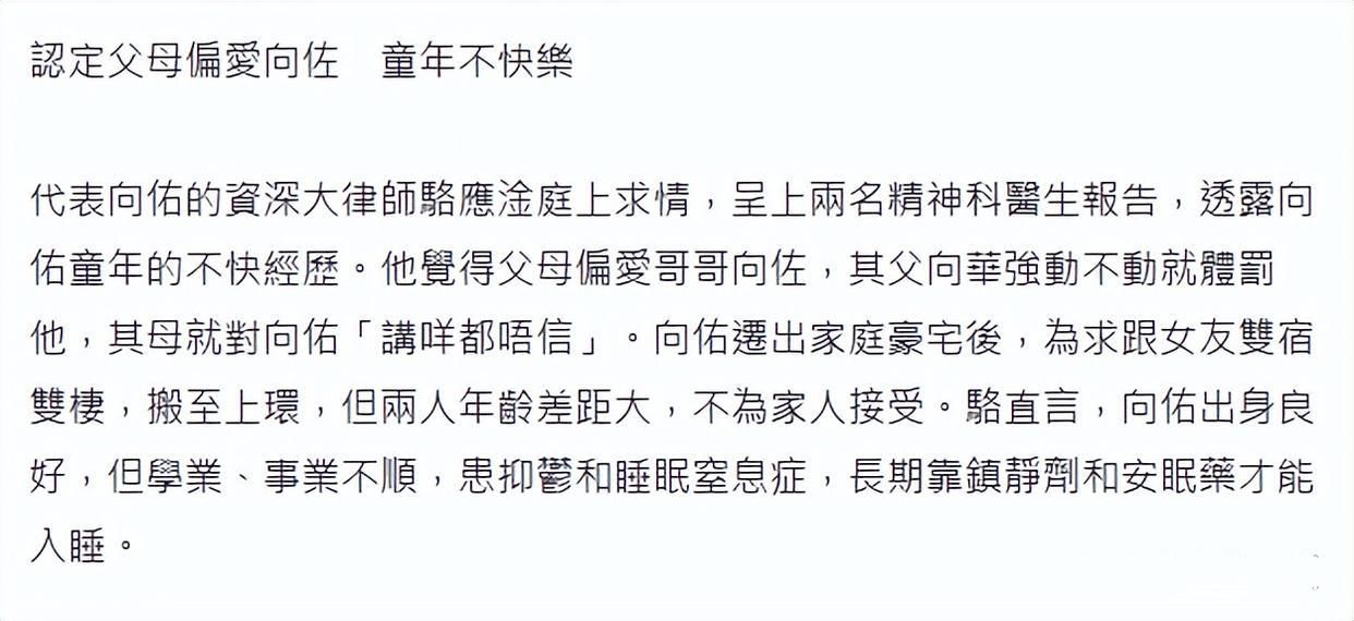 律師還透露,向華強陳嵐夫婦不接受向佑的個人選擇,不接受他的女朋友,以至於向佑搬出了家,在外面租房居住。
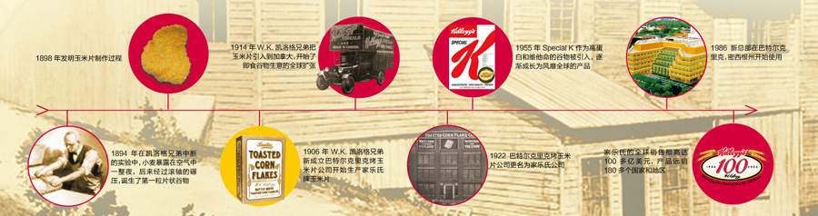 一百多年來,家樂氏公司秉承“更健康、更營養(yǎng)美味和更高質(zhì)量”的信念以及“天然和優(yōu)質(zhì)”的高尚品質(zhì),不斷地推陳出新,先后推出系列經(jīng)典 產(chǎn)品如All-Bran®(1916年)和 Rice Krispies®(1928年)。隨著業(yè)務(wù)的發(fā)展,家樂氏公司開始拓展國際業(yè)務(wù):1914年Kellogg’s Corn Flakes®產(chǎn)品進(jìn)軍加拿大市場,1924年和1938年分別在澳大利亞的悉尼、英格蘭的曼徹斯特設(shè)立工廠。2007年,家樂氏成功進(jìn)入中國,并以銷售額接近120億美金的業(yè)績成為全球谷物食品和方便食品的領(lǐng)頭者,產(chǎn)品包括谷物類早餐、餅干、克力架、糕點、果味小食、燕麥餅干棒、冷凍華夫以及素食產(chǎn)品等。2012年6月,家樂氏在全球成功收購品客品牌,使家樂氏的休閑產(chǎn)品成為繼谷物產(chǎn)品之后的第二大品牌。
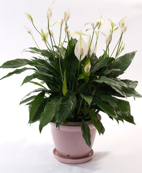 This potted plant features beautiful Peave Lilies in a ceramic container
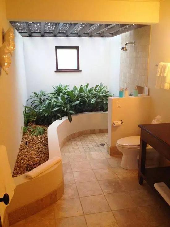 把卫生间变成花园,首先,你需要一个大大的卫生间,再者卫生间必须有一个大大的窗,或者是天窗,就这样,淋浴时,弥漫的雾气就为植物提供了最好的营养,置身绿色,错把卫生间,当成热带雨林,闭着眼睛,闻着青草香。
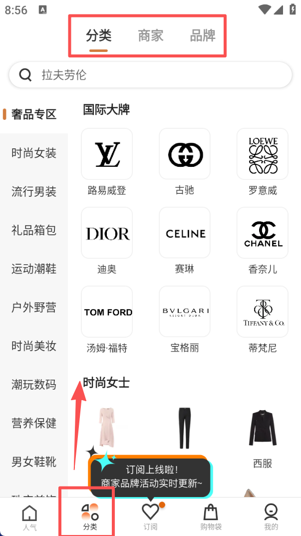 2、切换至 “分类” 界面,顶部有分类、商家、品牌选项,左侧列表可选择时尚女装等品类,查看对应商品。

⁂

- WHAT NEEDS TO BE DONE -
Type out each line of the records above exactly, skipping any pictures.

- ANSWER BOX -
 律師還透露,向華強陳嵐夫婦不接受向佑的個人選擇,不接受他的女朋友,以至於向佑搬出了家,在外面租房居住。
 一百多年來,家樂氏公司秉承“更健康、更營養(yǎng)美味和更高質(zhì)量”的信念以及“天然和優(yōu)質(zhì)”的高尚品質(zhì),不斷地推陳出新,先后推出系列經(jīng)典 產(chǎn)品如All-Bran®(1916年)和 Rice Krispies®(1928年)。隨著業(yè)務(wù)的發(fā)展,家樂氏公司開始拓展國際業(yè)務(wù):1914年Kellogg’s Corn Flakes®產(chǎn)品進(jìn)軍加拿大市場,1924年和1938年分別在澳大利亞的悉尼、英格蘭的曼徹斯特設(shè)立工廠。2007年,家樂氏成功進(jìn)入中國,并以銷售額接近120億美金的業(yè)績成為全球谷物食品和方便食品的領(lǐng)頭者,產(chǎn)品包括谷物類早餐、餅干、克力架、糕點、果味小食、燕麥餅干棒、冷凍華夫以及素食產(chǎn)品等。2012年6月,家樂氏在全球成功收購品客品牌,使家樂氏的休閑產(chǎn)品成為繼谷物產(chǎn)品之后的第二大品牌。
 This potted plant features beautiful Peave Lilies in a ceramic container
 把卫生间变成花园,首先,你需要一个大大的卫生间,再者卫生间必须有一个大大的窗,或者是天窗,就这样,淋浴时,弥漫的雾气就为植物提供了最好的营养,置身绿色,错把卫生间,当成热带雨林,闭着眼睛,闻着青草香。
 2、切换至 “分类” 界面,顶部有分类、商家、品牌选项,左侧列表可选择时尚女装等品类,查看对应商品。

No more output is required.